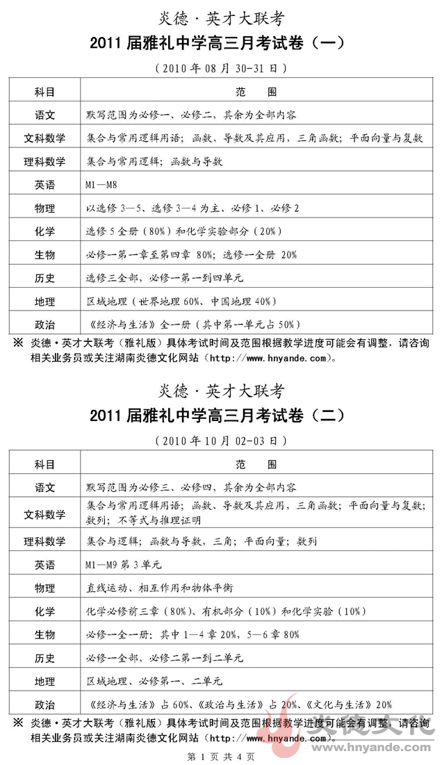 來源:本站原創(chuàng)點擊:2010-08-17 11:48:25收藏本文當前位置:考試范圍 雅禮中學 高三 正文
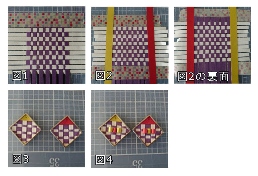 - 横方向に白のペーパーを並べて、互い違いに差し込み格子状にする。
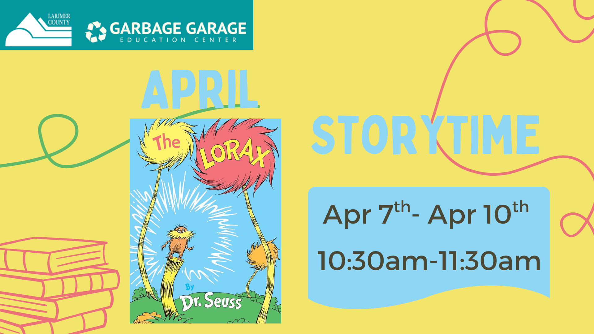 For April's Storytime sessions, we will revisit one of the most famous sustainability stories: Dr. Seuss's The Lorax! Let's learn all about the tale of the Lorax, and learn what it means to be sustainable. How can we take the themes from The Lorax and use them in our lives? How do reducing, reusing, and recycling help keep our Earth healthy and clean? We will explore all of this and more as we read and interact with the world of The Lorax. We will read our story, and then create a Lorax craft to take home. Join us for a fun-filled Storytime this April!
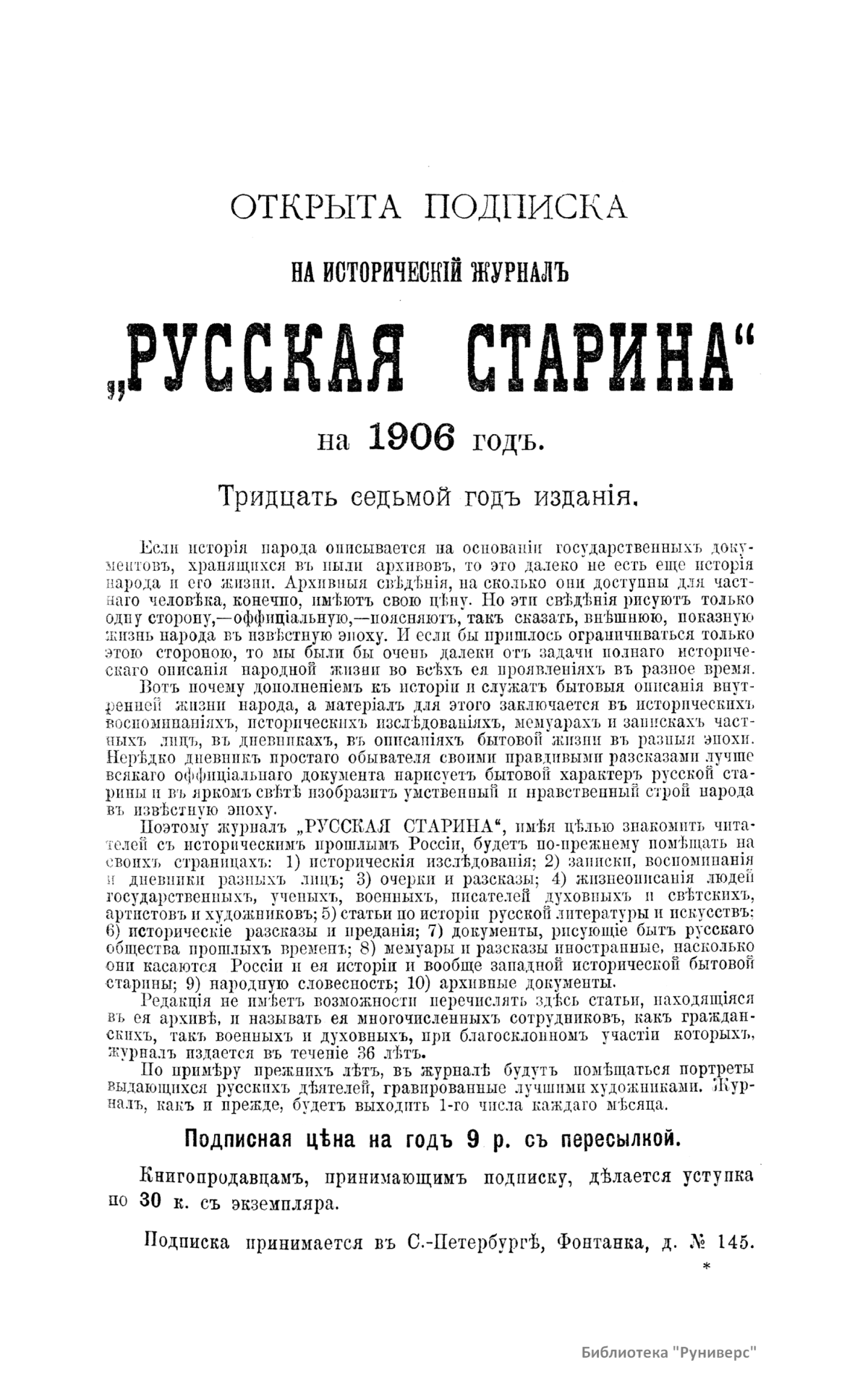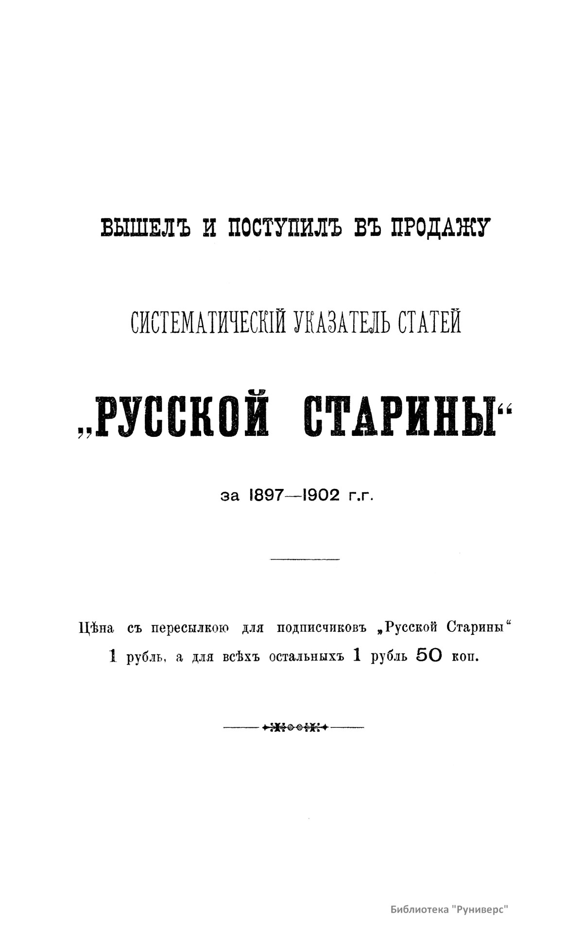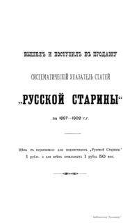 «Русская старина», ежемесячный исторический журнал, выходил в Петербурге в 1870-1918. Основан, издавался и редактировался (1870-1892) М. И. Семевским при участии В. И. Семевского. Последующими редакторами были Н. К. Шильдер (1892-1896), Н. Ф. Дубровин (1896-1904), военные историки С. П. Зыков, П. Н. Воронов.
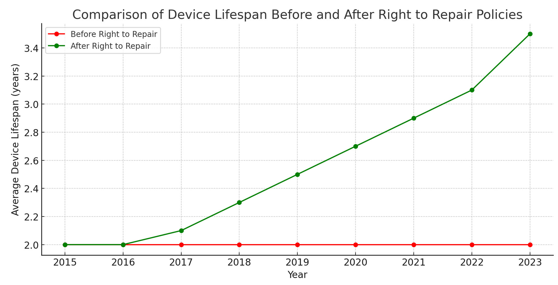 Comparison of Device Lifespan Before and After Right to Repair Policies: Ta graf prikazuje, kako se je pričakovana življenjska doba elektronske opreme podaljšala po uvedbi politike "Right to repair"/ Pravice do popravila.
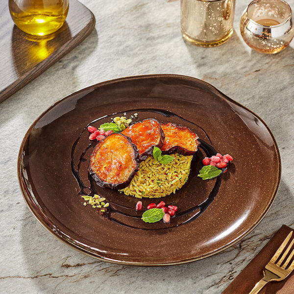 This plate's rich brown reactive glaze adds a pop of color to your table setting, creating a visually appealing presentation. Mix and match this hazel plate with other colors from the collection to create a dynamic and eye-catching display, or let it stand alone as a statement piece.
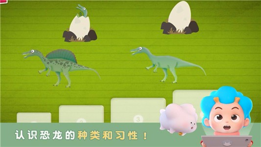 多类教育游戏可以玩耍,如绘制翼龙的捕猎路线,拼装恐龙骨架等,趣味的玩耍;
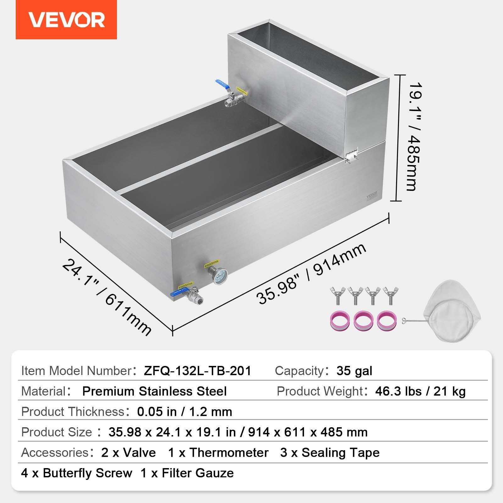 Maple Syrup Evaporator Pan, 35 Gallon, 509 Cups of 8.8oz Maple Syrup, Flat Evaporator Pan with Thermometer, 2 Valves and 3 Heating Methods, Stainless Steel Maple Syrup Pan for Home, Outdoor
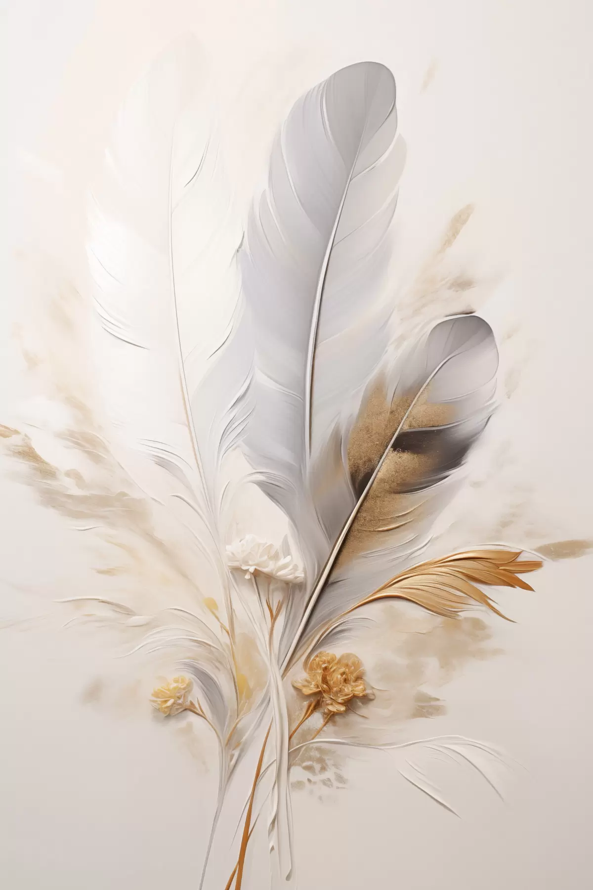 Schilderij Abstracte veren, omgeven door beige en bruine pluimen, zacht en delicaat, op een lichtbeige achtergrond Art. s46712
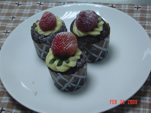 ,將中間挖空, 擠上卡士達醬,放上草莓做裝飾,灑上糖粉!這個蛋糕老師用了SP, 口感沒有很綿細,所以,我會把這個蛋糕體換成綿細口感的
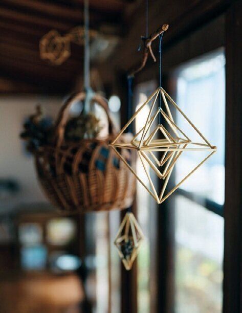 庭で栽培した麦の茎を使ったヒンメリ(モビール)や、草花のドライフラワーを手作り。「身近にある自然のもので工夫して楽しんでいます」。
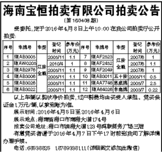 海南宝恒拍卖有限公司拍卖公告
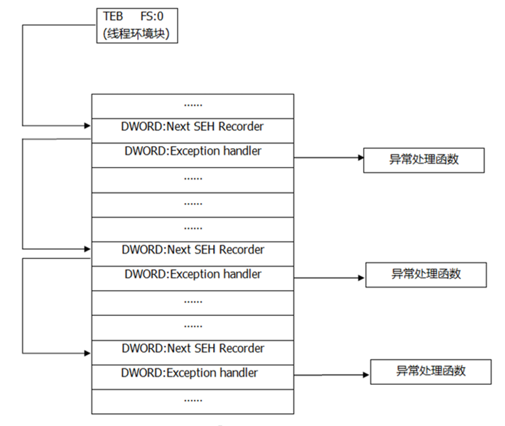 每个SEH包含两个DWORD指针:SEH链表指针和异常处理函数句柄, 共8个字节。SEH链表结构图如下图所示。
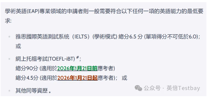 港教大研究生课程的录取要求页面已经更新了新托福的录取要求,以2026年1月21日为分水岭,实行了两套分数标准:
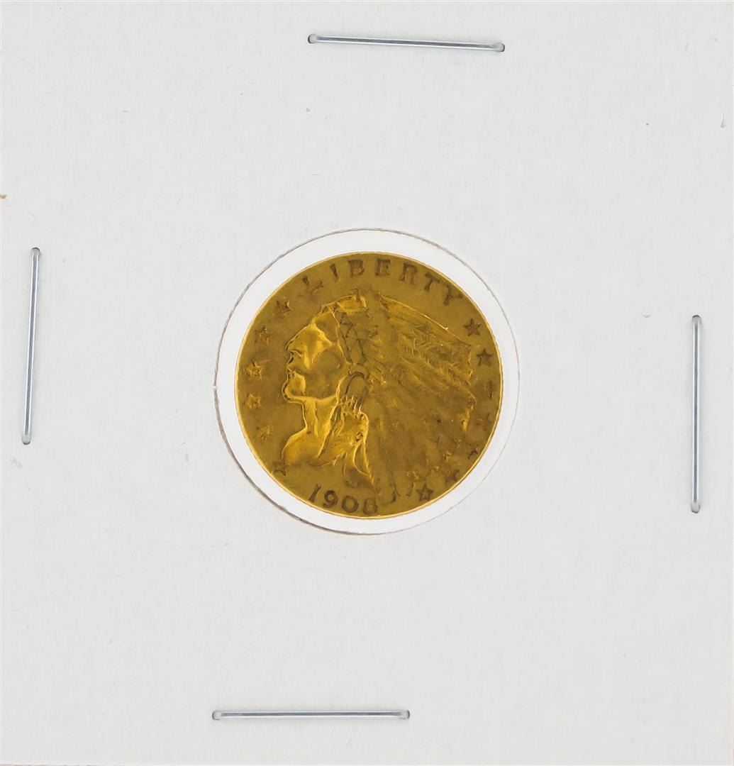 One 1908 $2.50 VF Indian Head Quarter Eagle Gold Coin.
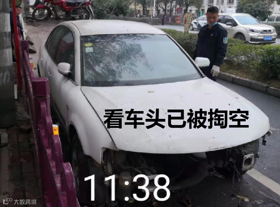 ◎查获经过:大队民警在巡逻中发现北湖西路公共车位内有一辆僵尸车停放,小车车头已被掏空、前后车牌丢失。
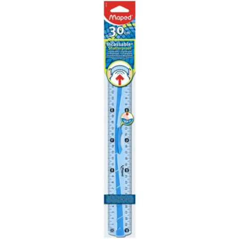 Vonalzó, műanyag, hajlítható, 30 cm, leszorítóval, MAPED Flex (IMA244130) - 100%-osan törésálló - könnyen olvasható, kétoldalas számskála - enyhén hajlítható - a gumírozott hullám segíti a biztos fogást - leszorítóval - vegyes színekben, a szín n

◇ ◇ ◇ ◇ ◇

**Activity**. Retype only the lines that run from the first line of the entries above to the line containing "多类教育游戏可以玩耍,如绘制翼龙的捕猎路线,拼装恐龙骨架等,趣味的玩耍;", both included. Do not carry over any pictures.

**Your response**.
 來源:本站原創(chuàng)點擊:2010-08-17 11:48:25收藏本文當前位置:考試范圍 雅禮中學 高三 正文
 - 横方向に白のペーパーを並べて、互い違いに差し込み格子状にする。
 For April's Storytime sessions, we will revisit one of the most famous sustainability stories: Dr. Seuss's The Lorax! Let's learn all about the tale of the Lorax, and learn what it means to be sustainable. How can we take the themes from The Lorax and use them in our lives? How do reducing, reusing, and recycling help keep our Earth healthy and clean? We will explore all of this and more as we read and interact with the world of The Lorax. We will read our story, and then create a Lorax craft to take home. Join us for a fun-filled Storytime this April!
 «Русская старина», ежемесячный исторический журнал, выходил в Петербурге в 1870-1918. Основан, издавался и редактировался (1870-1892) М. И. Семевским при участии В. И. Семевского. Последующими редакторами были Н. К. Шильдер (1892-1896), Н. Ф. Дубровин (1896-1904), военные историки С. П. Зыков, П. Н. Воронов.
 Comparison of Device Lifespan Before and After Right to Repair Policies: Ta graf prikazuje, kako se je pričakovana življenjska doba elektronske opreme podaljšala po uvedbi politike "Right to repair"/ Pravice do popravila.
 This plate's rich brown reactive glaze adds a pop of color to your table setting, creating a visually appealing presentation. Mix and match this hazel plate with other colors from the collection to create a dynamic and eye-catching display, or let it stand alone as a statement piece.
 多类教育游戏可以玩耍,如绘制翼龙的捕猎路线,拼装恐龙骨架等,趣味的玩耍;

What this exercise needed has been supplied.